Krikit wrote:That is pretty much genius when you get right down to it, because think about it. when time changes, your location should too, because the earth is still moving...but your location shouldn't....only the time should change...but with all the stuff we see, when you travel time, you end up in the same location as when you started, just in a different time frame. But place should change too...but because the whole universe is moving, if you calculate the length of time, you should be able to "jump" right to a star some billions of years away, just because of the property of the moving universe, and changing time....
interesting not?
You forgot about a few things though, gravity permeates through all dimensions, even time. In
classical physics, it is not truly a force even though we call it one (the energy does not originate from particles) but what Einstein called gravity a space-time curvature. Even if time were to stop you wouldn't be weightless due gravity no longer becoming an affecting "force". Just as you said, the entire universe is moving. That alone is not attributed to gravity but also dark energy which causes the universe to expand at an ever increasing rate, however, it has been postulated by scientists that it is a property of space and also permeates through all its dimensions. If gravity or dark energy did originate from simply just particles that are similar to light then yes, you would be relocated due to the many forces affecting the universe during the "time-skip" and be sent just as you have noted.

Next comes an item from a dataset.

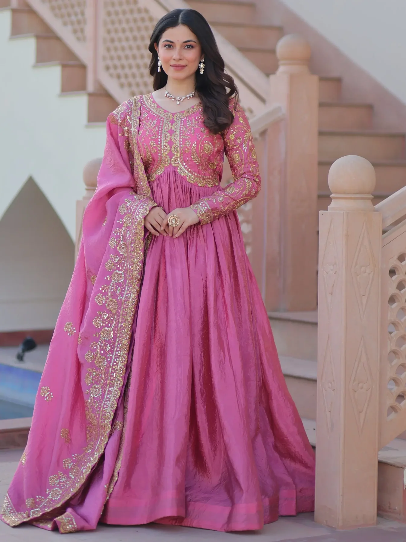 • Perfect for party and wedding functions, this gown blends romantic tones with festive detailing for a stunning appearance.
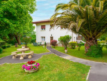 Ahetze 1 km von Guéthary: Zweifamilienhaus Lande Gaina, auf 2 Stockwerken, umgeben von Bäumen und Feldern. Am Ortsrand Guéthary, ruhige Lage, 2.3 km vom Meer, 2.3 km vom Strand. Zur Alleinbenutzung: Garten. Einkaufsgeschäft 1.7 km, Lebensmittelgeschäft 1.7 km, Supermarkt 3.7 km, Einkaufszentrum 3.7 km, Restaurant 1.7 km, Bar 2 km, Bäckerei 1.7 km, Café 1.9 km, Fahrradverleih 1.7 km, Zentrum zu Fuss in 20 Minuten erreichbar, Bushaltestelle Eglise 1.1 km, Bahnstation Guéthary 1.7 km, Sandstrand Plage du Port Guéthary 2.3 km (klein), Thermalbad Thalmar 7.4 km. Sporthafen 1.7 km, Golfplatz (18 Loch) 7.4 km, Surfschule 1.7 km. Nahe gelegene Sehenswürdigkeiten: Musée Saraleguinea 1.3 km, Port de Guéthary 2 km, Bid'a Parc 2.8 km, Pointe Sainte Barbe 6.8 km, Cité de l'Ocean 6.9 km, Aquarium de Biarritz 9.7 km. Wandergebiete: La Rhune 15 km. Bitte beachten: Eigentümer hat einen Hund.

Time travel does exist in classical physics as well, it is called time dilation which can arise by traveling near the speed of light or through the difference in gravitational potential (the lower the potential the slower time will pass) between different locations (this is why you hear astronauts in space aging more slowly than those on earth). In technicality we all experiencing time dilation naturally through the different attitudes and therefore different gravitation potentials making all of us "traveling through time" at different rates (although the difference is
extremely small in this case). If the gravitation potentials of earth could be amplified many times over (and of course you would probably turn to mush if you tried to use this method) it could appear as if time was fast forwarded relative to earth. Mind blowing isn't it? Traveling back in time is a different matter entirely and many scientist do not believe it is possible without breaking the laws of physics.